The Supreme Court, in a unanimous decision, limited the ability of law enforcement to search cell phones while making arrests, requiring police to obtain a search warrant before examining the data contained in an arrestee’s device. Riley v. California, 573 U.S. ___ (2014). For David Riley and Brima Wurie, the appellants and defendants in two jointly decided cases, the ruling means that the data collected from their respective cell phones and evidence derived from that data should have been suppressed before trial. While much of Chief Justice John Robert’s opinion centers upon Fourth Amendment precedent, it also implicates distinctive privacy related characteristics of cell phone data and cloud computing.
The opinion reflects the Court’s view that individuals have substantial privacy interests in information stored on their cell phones, at least in the context of government searches. This reasonable expectation of privacy stems from the Court’s finding that “modern cell phones, as a category, implicate privacy concerns far beyond those implicated by the search of a cigarette pack, a wallet, or a purse” because of both the quantity and types of data people store on mobile devices. Slip op. at 17.

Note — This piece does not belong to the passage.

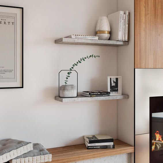Floating shelves are wall shelves that don't use traditional brackets to hold them up.

The quantitative aspect of the Court’s analysis focuses upon the immense storage capacity of mobile phones. The opinion explains that a cell phone’s distinctive ability to store “millions of pages of text, thousands of pictures, or hundreds of videos” leads to three privacy related consequences: the ability to combine distinct types of information, the capability to convey vast amounts of data, and the potential to reveal data that can date back for years. Slip op. at 18. In fact, the decision indicates that the “cache of sensitive personal information” on a cell phone would often expose “far more than the most exhaustive search of a house.” Slip op. at 19, 20.

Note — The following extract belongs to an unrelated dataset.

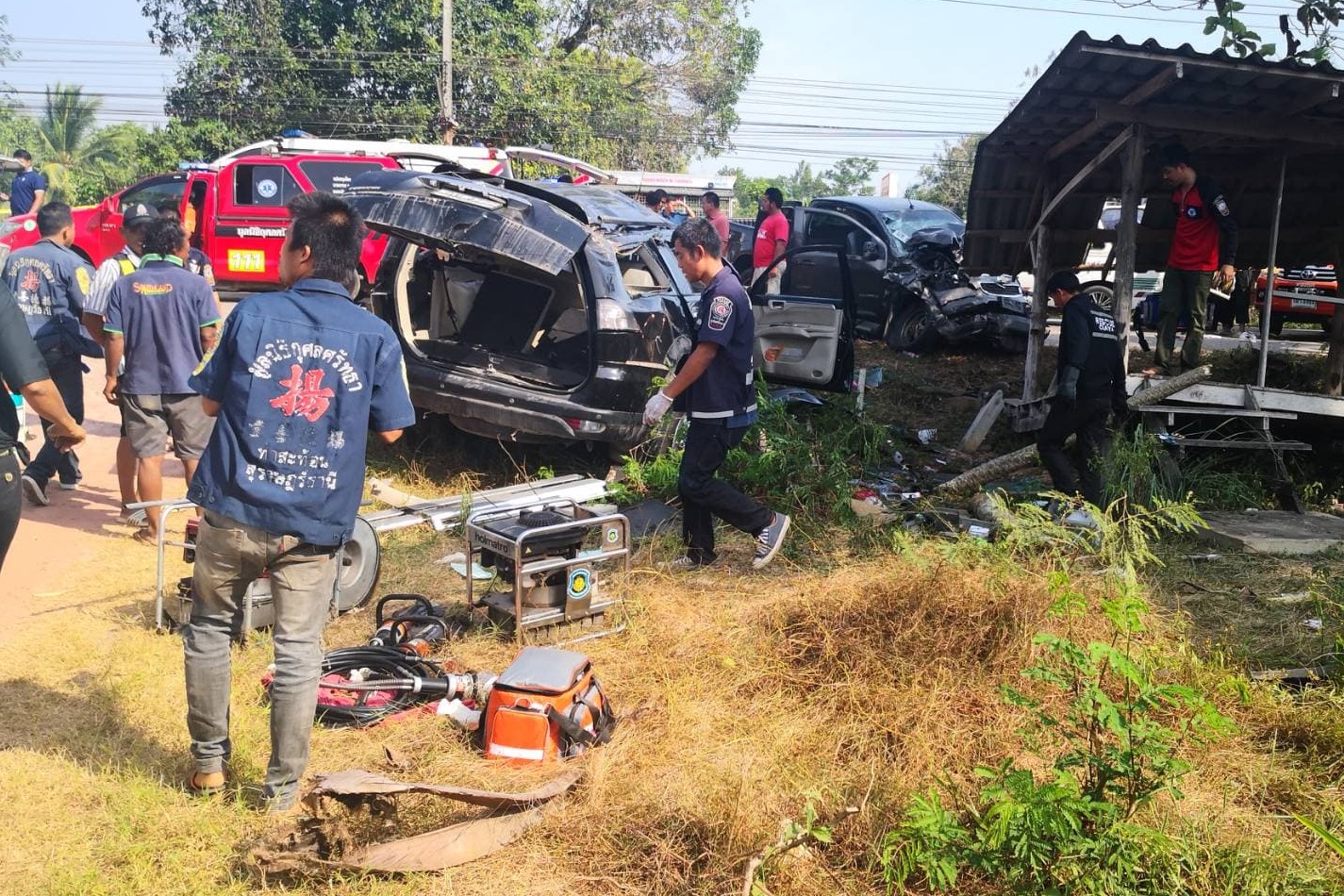 สุราษฎร์ธานี-รถแวนเสียหลักตกขอบถนนชนประสานงากระบะ ตายยกครัว5ศพ เผยกลับจากทำบุญวันมาฆบูชา อีก 10 กิโลเมตรถึงบ้าน

Of even greater potential significance for future privacy cases, the Court also found that the qualitative differences in the data stored on cell phones as compared to physical records serve as a basis for device owners’ privacy expectations. Unlike physical records, cell phone data reveals private interests, movements, concerns, and hobbies:
“An Internet search and browsing history, for example, can be found on an Internet-enabled phone and could reveal an individual’s private interests or concerns—perhaps a search for certain symptoms of disease, coupled with frequent visits to WebMD. Data on a cell phone can also reveal where a person has been. Historic location information is a standard feature on many smart phones and can reconstruct someone’s specific movements down to the minute, not only around town but also within a particular building. See United States v. Jones, 565 U. S. ___, ___ (2012) (SOTOMAYOR, J., concurring) (slip op., at 3) (“GPS monitoring generates a precise, comprehensive record of a person’s public movements that reflects a wealth of detail about her familial, political, professional, religious, and sexual associations.”). Mobile application software on a cell phone, or “apps,” offer a range of tools for managing detailed information about all aspects of a person’s life.”
Slip op. at 19, 20.
This language, while dicta, suggests that individuals have constitutionally protected privacy interests in each of these categories of information, at least for purposes of a government search of their personal devices. What remains to be seen is whether the Court and lower courts tasked with following Riley will apply this reasoning to government requests for similar data that is stored by third parties, such as phone companies, ISPs and other online service providers. The opinion gives those providers legal ammunition to insist on a warrant before turning over such records. The opinion also leaves open the question of whether businesses that make commercial use of data stored on or generated by users’ mobile devices without their consent face civil tort liability for common law invasion of privacy.
Riley was also the Court’s first foray into the privacy issues of cloud computing. As an additional basis for requiring law enforcement to obtain a warrant before searching a cell phone, the Court cited the fact that many forms of data that appear to be stored on a phone are actually stored on a server in the cloud: “[C]ell phone users often may not know whether particular information is stored on the device or in the cloud, and it generally makes little difference.” Slip op. at 21. This suggests that a majority of the Court would find that individuals may have a constitutionally protected expectation of privacy to data they store on remote servers, at least in the context of government searches. This dicta gives cloud service providers a strong legal foothold to require law enforcement seeking the contents of subscribers’ online storage accounts to obtain a warrant, even though the Stored Communications Act can be read to require only a subpoena with notice or a court order. The opinion also likely bolsters the cause of privacy advocates and service providers who have been pushing Congress to amend the Electronic Communications Privacy Act to require law enforcement to obtain a warrant for all stored online content. Although the impact of Riley beyond cell phone searches by law enforcement remains to be seen, the case is likely to be heavily cited in both civil and criminal privacy cases for years to come.